Two Key Statements Now we can also express the statement “a’ is the Gödel number of a theorem:” Ǝa:(Proof(a, a’)) Definition 2: If a is the Gödel number of some statement containing one free variable, define Subst(a, a’, a’’) to be the statement in our theory interpreted as: a’’ is the Gödel number of the statement obtained by substituting the value a’ into the statement whose Gödel number is a. Again, this can be checked “outside the system” by an algorithm that terminates after finitely many steps, so it should be expressible in our theory.
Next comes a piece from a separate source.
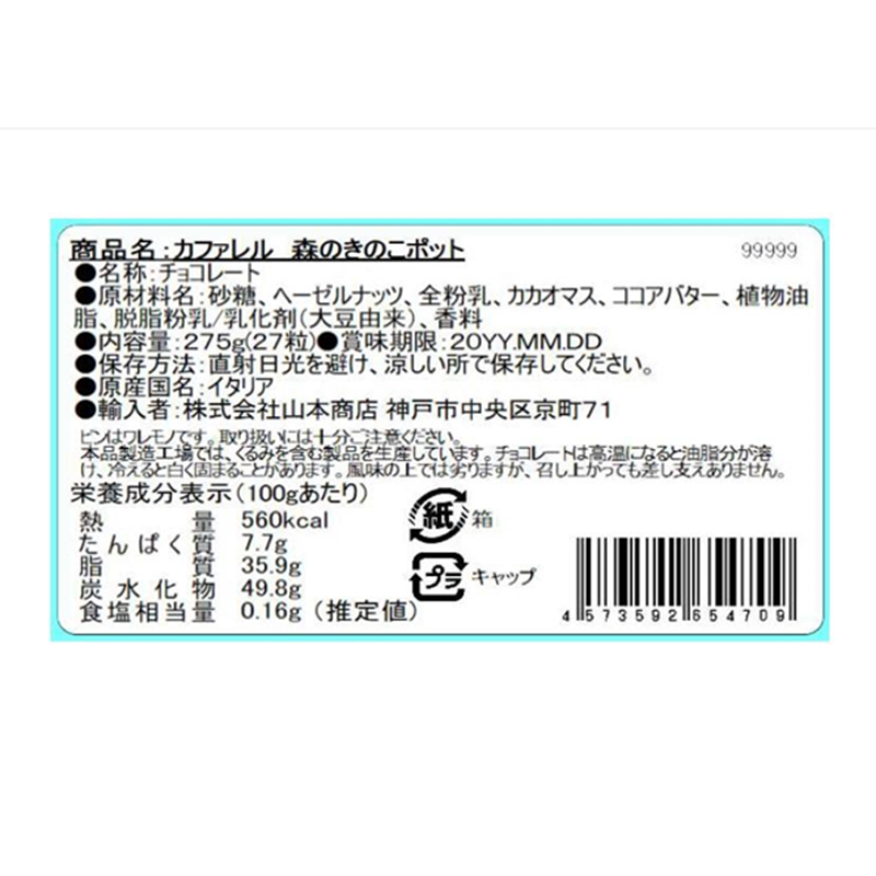 | 備考 | 【カファレル】 1826年にイタリア北部の街、トリノで創業。1865年に当時としてはまったく新しいタイプのチョコレート「ジャンドゥーヤ」を創りだし、以来、そのユニークで香り高くとろけるような舌触りを持つチョコレートは、ヨーロッパ各国のグルメたちを魅了してきました。長い伝統と高い技術によって、生み出されている気品ある味と香りは、現在、エレガントな贈り物として世界中の人々に愛されています。 |

The Punchline Let U be the following statement (or the equivalent in whatever theory we’re working with): ¬Ǝa:Ǝa’:(Proof(a, a’) ᴧ Subst(a’’, a’’, a’)) Note that the first two arguments of Subst are the same; we are able to substitute a statement’s own Gödel number into itself – this kind of self- reference is also the basis of Russell’s Paradox. Also note that this statement has one free variable, namely a’’. Now let G be the following related statement: ¬Ǝa:Ǝa’:(Proof(a, a’) ᴧ Subst([U], [U], a’)) In other words, G is the result of substituting [U] for a’’ in U. This turns out to be the statement that proves the theorem!

Interpreting G U: ¬Ǝa:Ǝa’:(Proof(a, a’) ᴧ Subst(a’’, a’’, a’)) G: ¬Ǝa:Ǝa’:(Proof(a, a’) ᴧ Subst([U], [U], a’)) G asserts that there are no a and a’ satisfying certain properties. The second property is that a’ is the result of substituting [U] for a’’ in U. Clearly this is possible (really it just assigns a particular value to a’), so the interesting part is the first property. The first property essentially says that a’ is the Gödel number of a theorem. But in reality G is precisely the statement with Gödel number a’! (It’s obtained by replacing a’’ by [U] in U).

Interpreting G So G can really be interpreted as: G is not a theorem. So if G is indeed not a theorem, then it is a true statement of number theory that is not provable in our theory, so the theory is incomplete. If G is a theorem, then it represents a false statement, so the theory is inconsistent.